Question

The motion of a planet in a circular orbit about a star obeys the equations of simple harmonic motion. If the orbit is observed edge-on, so the planet's motion appears to be onedimensional, the analogy is quite direct: The motion of the planet looks just like the motion of an object on a spring a) Use Kepler's Third Law of planetary motion to determine the "spring constant" for a planet in circular orbit around a star with period \(T\) b) When the planet is at the extremes of its motion observed edge-on, the analogous "spring" is extended to its largest displacement. Using the "spring" analogy, determine the orbital velocity of the planet.

Short answer

Answer: The "spring constant" for a planet in a circular orbit can be expressed as \(kx = M_p\frac{G M_s}{r^2}\), where \(k\) is the spring constant, \(x\) is the displacement, \(M_p\) is the mass of the planet, \(G\) is the gravitational constant, \(M_s\) is the mass of the star, and \(r\) is the radius of the orbit. When the planet is observed edge-on at the extremes of its motion, its orbital velocity remains unchanged and is given by the expression \(v^2 = G\frac{M_s}{r}\).

Step-by-step solution

Kepler's Third Law and deriving "spring constant"

According to Kepler's Third Law, the square of the period of a planet is proportional to the cube of the semi-major axis of its orbit. Mathematically, this can be written as: $$ T^2 \propto a^3 $$ where \(T\) is the period of the orbit, and \(a\) is the semi-major axis of the orbit. For simplicity, let's consider the orbit to be circular, so \(a\) becomes the radius \(r\).
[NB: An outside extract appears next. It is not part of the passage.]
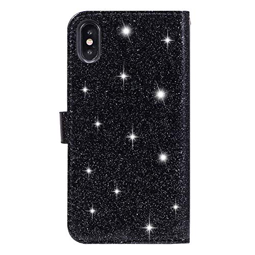 JAWSEU Custodia Cover iPhone XS Max Pelle Portafoglio,Lusso Moda Libro PU Leather Wallet Case Cover Diamante Glitter Bling Amore Cuore Magnetica Supporto di Stand Protettiva Custodia
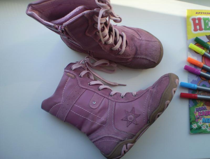 Черевики дівчинці 33р., рожеві, екошкіра, замша Верх комбінований з екошкіри і замші. Зручно застібаютсья на блискавку, і регулюються шнурками. Всередені утеплювач у вигляди флісу "травки". Устілки виймаються. Довжина устілки см Висота від п`ятки см Нюанс - невеличка зачіпка біля блискавки (останнє фото). Передоплата на карту Приватбанку. Пересилаю Укрпоштою, Новою Поштою. Повернення не передбачене.

To find the proportionality constant, we can use the gravitational force formula: $$ F_g = G\frac{M_p M_s}{r^2} $$ where \(F_g\) is the gravitational force between the planet (\(M_p\)) and the star (\(M_s\)), and \(G\) is the gravitational constant. Since the planet is following a circular orbit, the centripetal force is equal to the gravitational force. The centripetal force formula is given by: $$ F_c = M_p\frac{v^2}{r} $$ By equating both forces, we can find the orbital velocity \(v\): $$ G\frac{M_p M_s}{r^2} = M_p\frac{v^2}{r} $$ Now, let's find an expression for the "spring constant" using the analogy with Hooke's Law. We know that the force exerted by a spring is given by: $$ F = -kx $$ where \(k\) is the spring constant and \(x\) is the displacement from the equilibrium position. Equating this to the centripetal force, we get: $$ kx = M_p\frac{v^2}{r} $$ Now, we want to express \(k\) in terms of the orbital period \(T\). To do this, we'll first find an expression for the orbital velocity \(v\) in terms of \(T\) from the equation we derived earlier: $$ G\frac{M_p M_s}{r^2} = M_p\frac{v^2}{r} $$ From this equation, we can find that: $$ v^2 = G\frac{M_s}{r} $$ By substituting this expression for velocity into the equation for the "spring constant," we can find \(k\) in terms of \(T\): $$ kx = M_p\frac{G M_s}{r^2} $$

Finding the orbital velocity at the extremes of motion

From the "spring constant" equation: $$ kx = M_p\frac{G M_s}{r^2} $$ At the extremes of motion, the displacement \(x\) is equal to the radius \(r\). Hence, we can substitute \(x\) by \(r\): $$ kr = M_p\frac{G M_s}{r^2} $$ Now, we can solve for the orbital velocity \(v\) at this extreme point by recalling the centripetal force equation: $$ M_p\frac{v^2}{r} = kr $$ Substituting the "spring constant" we derived before: $$ M_p\frac{v^2}{r} = M_p\frac{G M_s}{r^2} $$ Finally, we find the orbital velocity when the planet is at the extremes of its motion: $$ v^2 = G\frac{M_s}{r} $$ which is the same expression we derived for the orbital velocity in general. Therefore, the orbital velocity of the planet at the extremes of its motion observed edge-on remains unchanged. In conclusion, the "spring constant" for a planet in a circular orbit with period \(T\) can be determined using Kepler's Third Law, and the orbital velocity of the planet remains the same at the extremes of its motion observed edge-on.

Key concepts

Understanding Simple Harmonic Motion

Simple harmonic motion (SHM) is a type of periodic motion where the restoring force is directly proportional to the displacement and acts in the direction opposite to that of displacement. Objects that exhibit simple harmonic motion oscillate about an equilibrium position, the location where the object naturally comes to rest.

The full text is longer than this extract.